No way. If you take your aggression out on an inanimate object in the right context, that's the best thing I think you can do. You're focusing your energy, you're focusing your attention. You're venting. So then when you're done and exhausted, you left it all in the ringer, you left it all in the bag or you left it all breaking those pallets [00:30:00] you're done.

And you walk away with a burden off. Is that how you felt? Because that's how I feel. Oh, whale on a bag to the point. I've knocked it off the hinge a few times, but when I'm done, I'm like, okay, I'm done. My dad actually introduced me to weightlifting during that time period as well, where I met. Former golden gloves boxer who taught me how to hit a heavy bag the right way, because he saw me just over there, wailing on the bag.

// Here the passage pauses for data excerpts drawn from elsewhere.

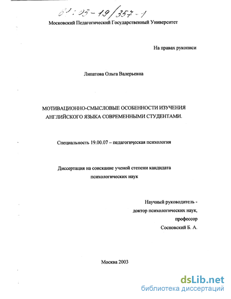 Цель исследования: изучение особенностей мотивационно-смысловой сферы современных учащихся и реализация этих особенностей в психолого-педагогической практике обучения английскому языку.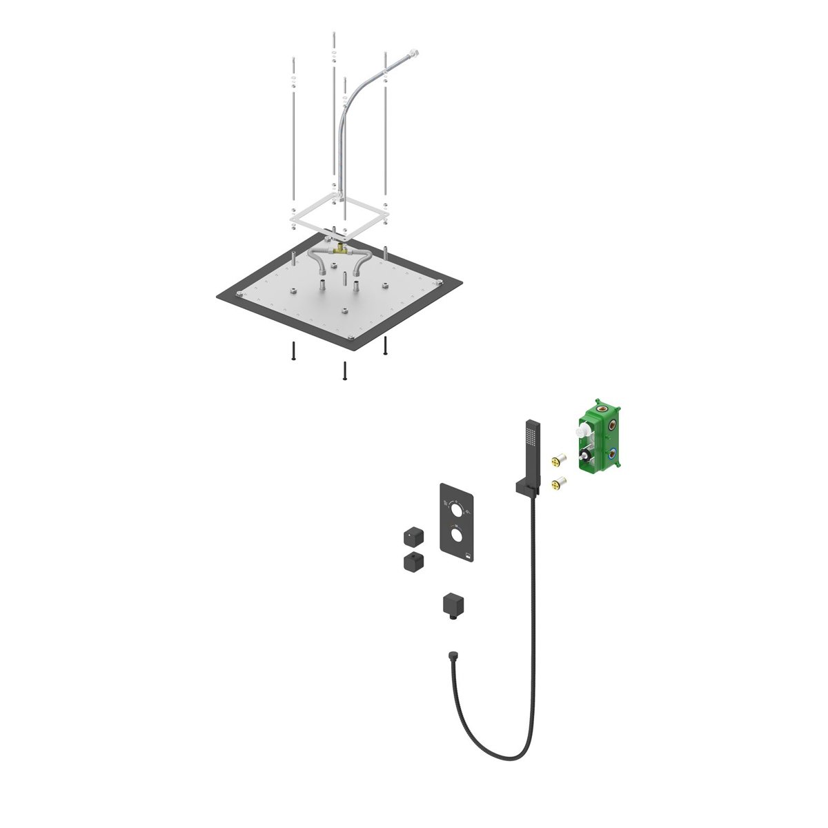 Комплектация:Подводка к тропическому душу - 1 шт. Крепежные винты с гайками (комплект) - 4 шт. Металлическая пластина - 1 шт. Муфты с резьбой - 4 шт. Лейка тропического душа (латунная) - 1 шт. Крепежные винты - 4 шт. Ручной душ (латунный) - 1 шт. Держатель ручного душа - 1 шт. Шланг душа 1,5 м (латунный) - 1 шт. Встраиваемый блок смесителя - 1 шт. Декоративная накладка (латунная) - 1 шт. Ручка переключения режимов "ручной душ", "тропический душ" - 1 шт. Ручка термостата - 1 шт. Отвод из стены с подключением шланга душа - 1 шт. Инструкция - 1 шт. p>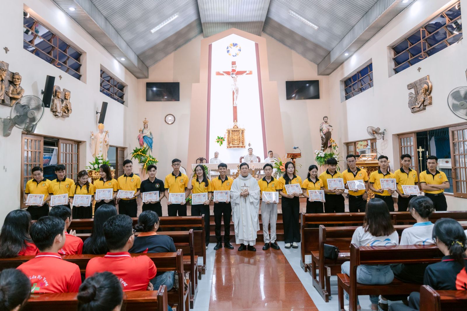 Trước khi Thánh lễ kết thúc, cha Đồng hành Phê-rô Ver. trao văn thư bổ nhiệm cho BĐH nhóm khóa 2025-2026. Tiếp đó, trưởng nhóm khóa 2024–2025 đại diện BĐH mãn nhiệm dâng lời tri ân sâu sắc tới quý cha, quý tu sĩ, ân nhân, anh chị cựu và tới mỗi thành viên trong nhóm – những người đã cùng chung tay xây dựng một gia đình đức tin tràn đầy yêu thương.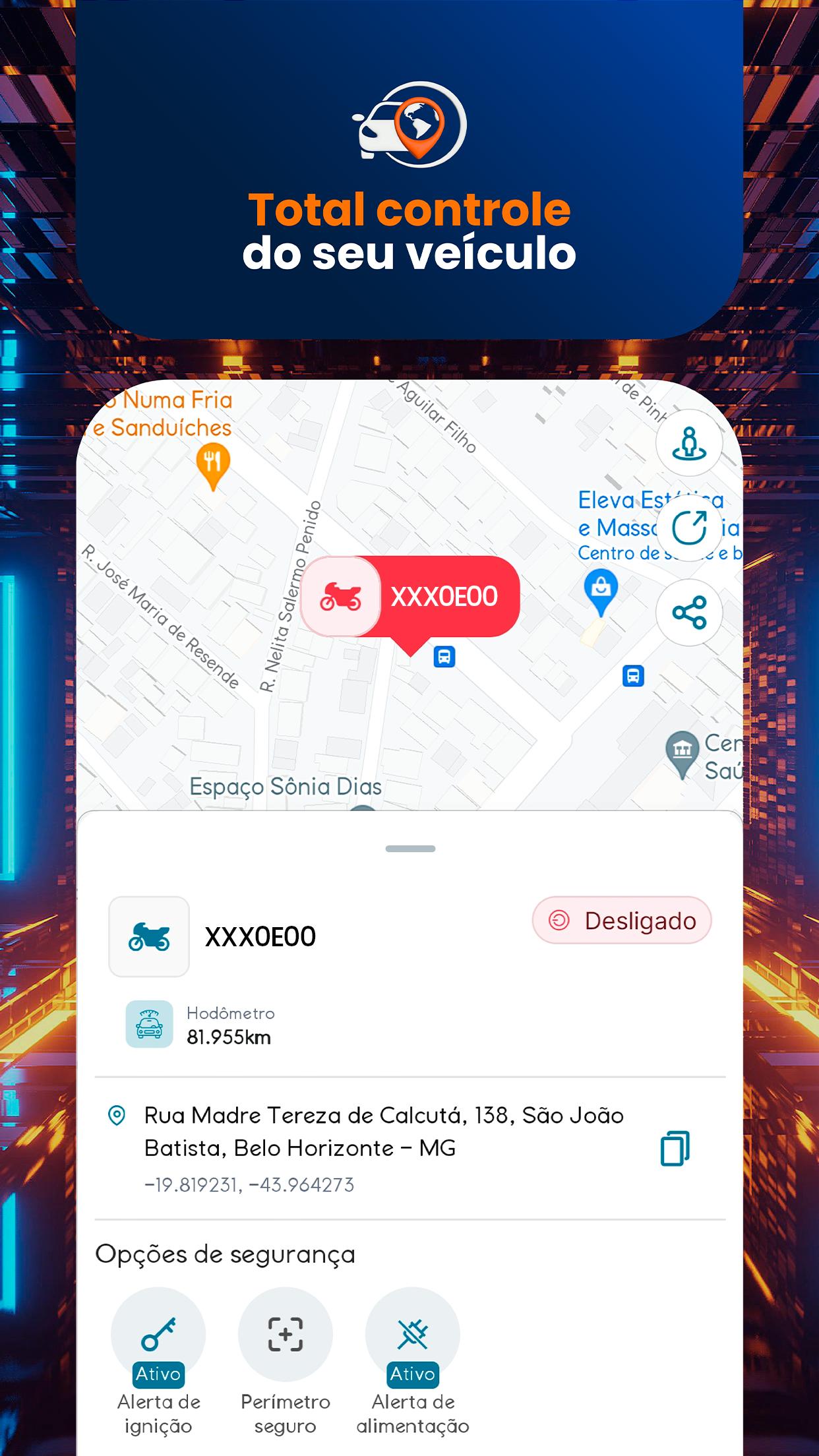 Você poderá ver aonde estão todos os seu veículos no mapa, e poderá consulta o trajeto diário, e visualizar todos os locais que seu veículo esteve no dia.
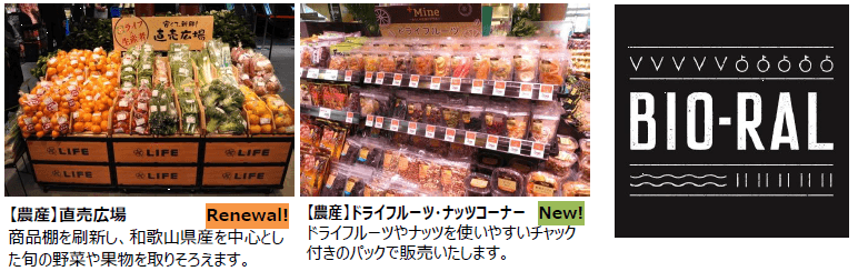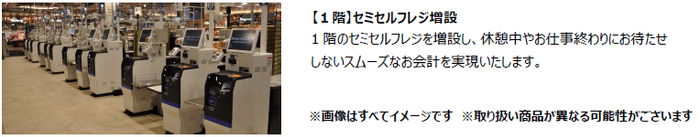 今回の改装では、オフィス・単身者が多い地域ニーズにお応えするため、惣菜コーナーや手作りパンの「小麦の郷」に新商品を豊富に品ぞろえいたします。また、体に優しい商品を取り扱う「ビオラルコーナー」を設置するほか、1階のレジを増設し、スムーズなお会計を実現いたします。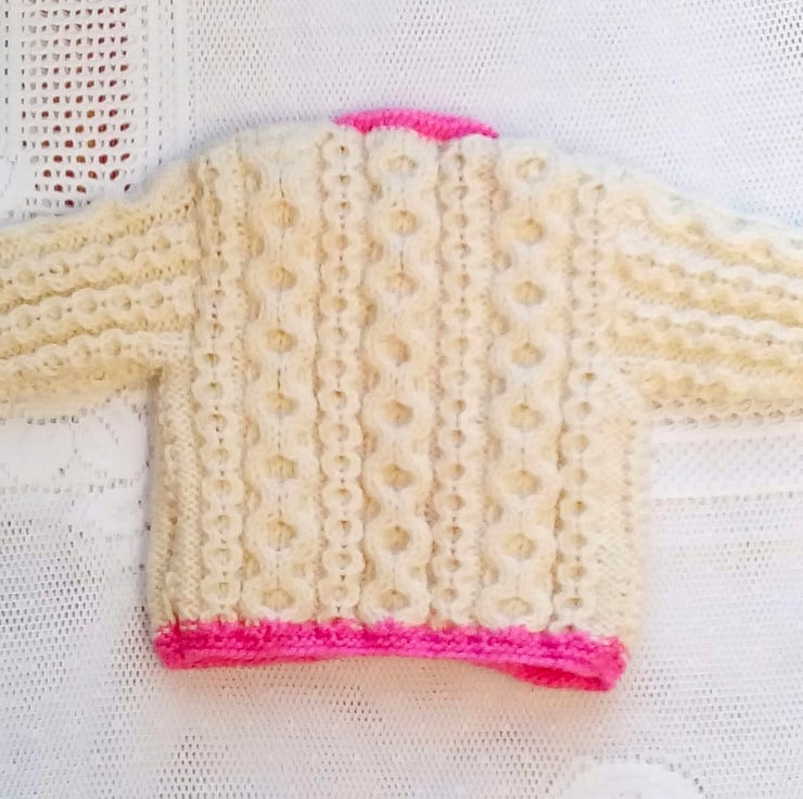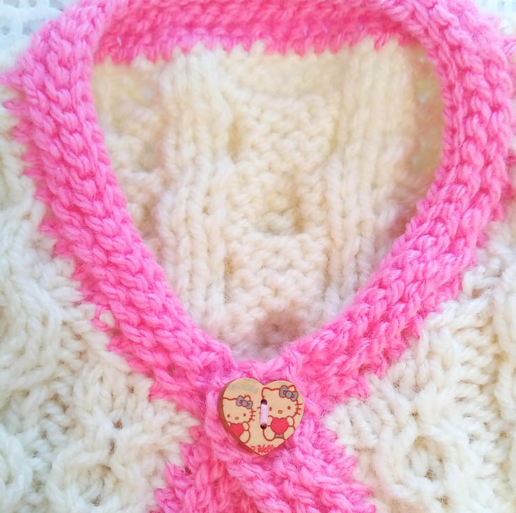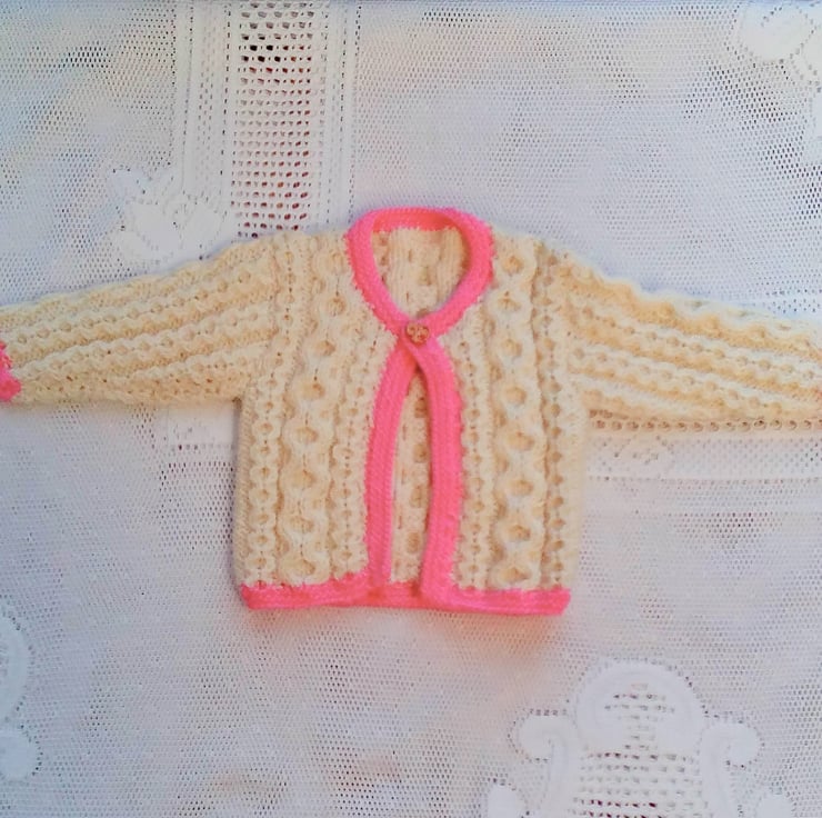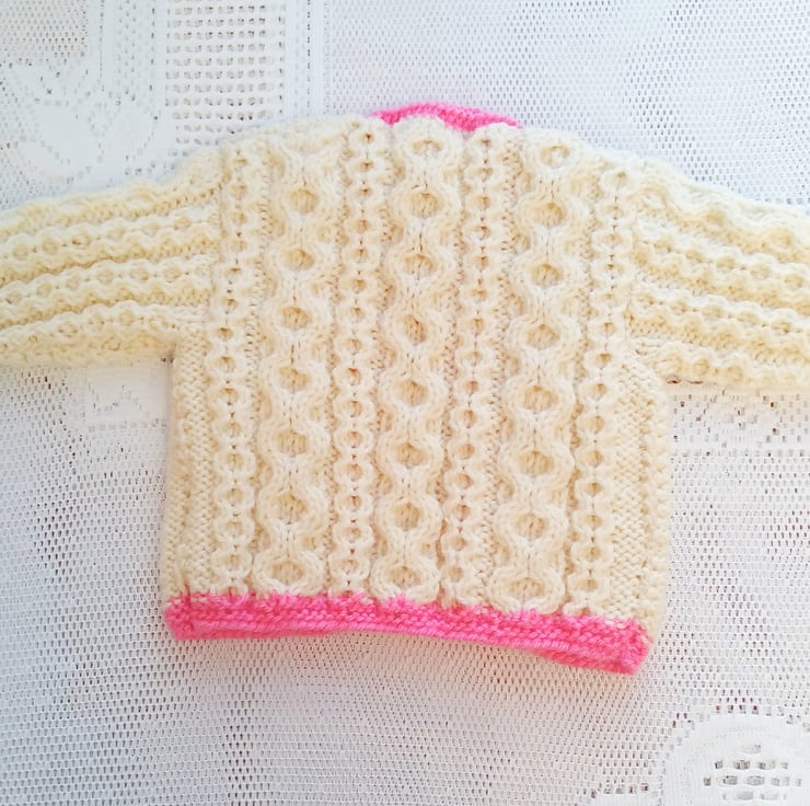 Girls cable pattern cardigan. The cardigan is not currently in stock but it can be made especially for you in a colour and size of your choice. Please let me know the colour required when you order. Available sizes are shown at the bottom of this listing. The processing time for this item will be 1 - 2 weeks to produce and post to you.

He's like, son, you're going to, you're going to break yourself, break your wrist. Yeah. You can easily break a wrist for life. And you know, he, he asked my dad, cause my dad was there with me and Gabe got permission and put some gloves on me and actually taught me how to punch correctly. But I think it kept me out of between that.

And like, and I went from breaking pallets to, I started splitting wood something a little more constructive than leaving shards of wood all over, all over the lawn. But I think that's honestly what kept me out of more fights. I ha I had a [00:31:00] couple of fights that fizzled out, you know, junior high fights, right?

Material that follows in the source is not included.